I've been having problems with the BMC/IPMI Event Log registering over-temperature errors (in some cases critical) for the CPUs. I am concerned that these are mainly false positives and that the default sensor thresholds set on the BMC are wrong.
Hardware: RS924A-E6/RS8 with 4x AMD 6376 CPUs - the AMD CPUs provide a Temperature Control Margin (Tctl Margin) instead of a raw temperature reading. My understanding of Tctl Margin is that it is a reverse scale from 0..255
whereby 0
represents the maximum operating temperature of the CPU (69 Celsius
in this case).
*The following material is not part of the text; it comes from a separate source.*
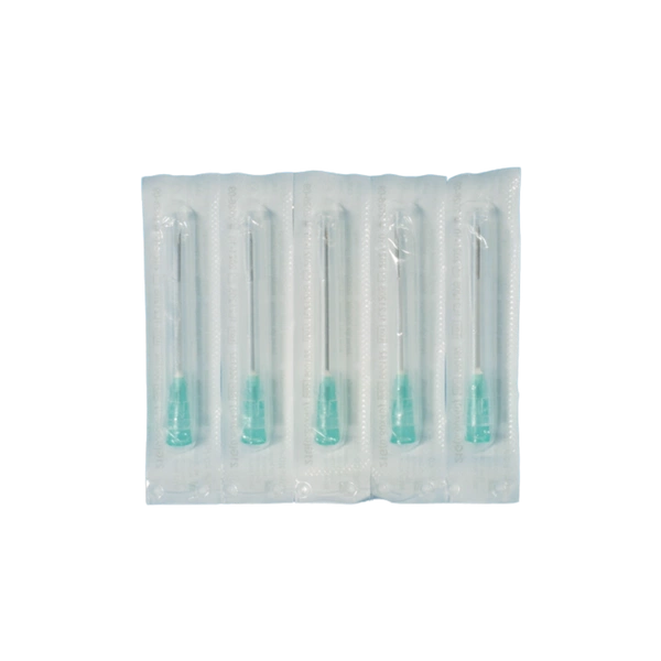 - Jałowa igła iniekcyjna. Nasadka koloru zielonego.

In essence, the closer we get to 0
, the hotter the CPU physically is - more info here.
Data: The two tables below provide information on the thresholds and the registered events.
Sensor Thresholds:
ID | Name | Type | Reading | Units | Lower NR | Lower C | Lower NC | Upper NC | Upper C | Upper NR | Event
1 | CPU1 Tctl Margin | Temperature | 26.00 | unspecified | -10.00 | -5.00 | 0.00 | 127.00 | 127.00 | 127.00 | 'OK'
2 | CPU2 Tctl Margin | Temperature | 26.00 | unspecified | -10.00 | -5.00 | 0.00 | 127.00 | 127.00 | 127.00 | 'OK'
Event Log:
ID | Date | Time | Name | Type | Event
1 | Mar-28-2017 | 17:25:45 | CPU1 Tctl Margin | Temperature | Upper Non-recoverable - going low ; Sensor Reading = 31.00 unspecified ; Threshold = 127.00 unspecified
2 | Apr-09-2017 | 10:12:38 | CPU1 Tctl Margin | Temperature | Upper Non-recoverable - going low ; Sensor Reading = 24.00 unspecified ; Threshold = 127.00 unspecified
As you can see in the table above, CPU1
typically suffers a Upper Non-recoverable temperature error. Where I am confused is that this error occurs at a sensor reading of 24
(or 31
) but the threshold is 127
. Is it the case that the BMC is misinterpreting the sensor reading, or that the thresholds are wrong? What can I do to fix this?